> [ACTION ITEM]: Wherever a picture appears in the listing below, leave it out and reproduce the rest exactly.

> [RECORDED INFORMATION]:
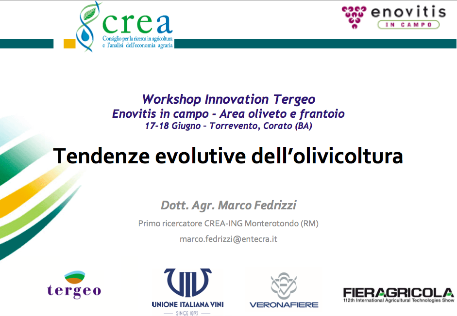 Così, dopo le relazioni di Giuseppe Mauro Ferro, Angelo Godini, Arturo Caponero, Giulio Sperandio e Massimo Occhinegro, ora è la volta dell’agronomo Marco Fedrizzi, primo ricercatore presso il Crea-Ing di Monterotondo.
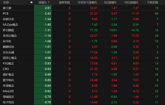 富士康、PCB概念跌幅超过2%,低碳冶金、MLOps概念、英伟达概念、AI手机、麒麟电池跌幅均超过1%。
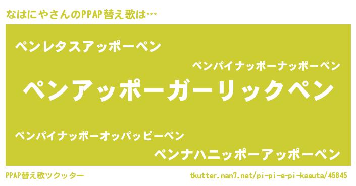 なはにやさんのPPAP替え歌は… 『ペンアッポーガーリックペン』『ペンレタスアッポーペン』『ペンナハニッポーアッポーペン』 ツクッター #PPAP替え歌ツクッター http://tkutter.nan7.net/pi-pi-e-pi-kaeuta/45845/

> [RESPONSE]:
 Così, dopo le relazioni di Giuseppe Mauro Ferro, Angelo Godini, Arturo Caponero, Giulio Sperandio e Massimo Occhinegro, ora è la volta dell’agronomo Marco Fedrizzi, primo ricercatore presso il Crea-Ing di Monterotondo.
 富士康、PCB概念跌幅超过2%,低碳冶金、MLOps概念、英伟达概念、AI手机、麒麟电池跌幅均超过1%。
 なはにやさんのPPAP替え歌は… 『ペンアッポーガーリックペン』『ペンレタスアッポーペン』『ペンナハニッポーアッポーペン』 ツクッター #PPAP替え歌ツクッター http://tkutter.nan7.net/pi-pi-e-pi-kaeuta/45845/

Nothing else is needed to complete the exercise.